Peut-être est-ce précisément là pour eux, Michel Graillier, Riccardo Del Fra, la question essentielle. Rien ici ne se livre dans le plein. Rien ici qui prendrait le parti de la multiplication, du surajout, de cet emportement fasciné du discours conduisant, sans coup férir, à l’étouffement de la note par elle-même. Ils ne jouent, cela dit, ni l’un ni l’autre sur le peu, mais dans la pondération. Leur duo montre qu’ils appartiennent -conversation ductile- à cet ordre délicat de la voix sachant que le lyrisme, vrai, est affaire de calcul.
« La part du calcul dans la grâce » : c’est ça ; c’est de ça qu’ils nous instruisent. Moments posés. Assises du corps. Entendons-les dans leur singularité douce, concertante, l’un après l’autre offrant ce qu’il faut à la voix si proche -la voix presque double- pour sa pleine efflorescence. Jeux précis d’une entente.
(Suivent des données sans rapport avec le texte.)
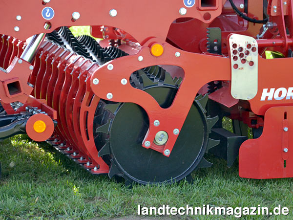 Auch die neuen Modelle der Horsch Express KR sollen sich durch intensive Saatbettbereitung auch unter schwierigen Bedingungen auszeichnen. Zu diesem Zweck verfügt die 3,5-m-Variante über 12 Kreisel und die 4-m-Version über 14 Kreisel. Um auch auf steinigen Böden über maximale Stabilität zu verfügen, ist kein Modell klappbar, Schnellwechselzinken auf Schlepp oder Griff sollen das Ergebnis zusätzlich verbessern. Der Rahmen der Express KR wurde so konzipiert, dass die Verstellung der Arbeitstiefe der Kreiselegge keinen Einfluss auf die Saattiefe hat – die Einstellung der Arbeitstiefe der Kreiselegge Kredo lässt sich übrigens leicht von außen durchführen und die Einstellung ist einfach ablesbar. Um die Kreiselegge auch solo nutzen zu können, können entweder die TurboDisc-Säschare (2. Generation) hydraulisch komplett ausgehoben werden, oder die Säeinheit durch das Lösen von vier Befestigungspunkten abgebaut werden.

Ruses du corps pour gagner le corps de la musique. « I’m a fool to want you », lui disent-ils, l’un, l’autre, à la fin de l’échange : « Je suis stupide de te désirer. » (Débile ?) Mais non : moins inaccessible qu’il ne pourrait y paraître -il suffit, littéralement, d’y mettre les formes-, la musique s’ouvre au cœur de l’amour, prête, toute, à la douce dispute amoureuse.
Parole aimante, ici, de la musique vers deux êtres également accordés à ses pouvoirs – confins de délicatesse donnant pure couleur de réflexion.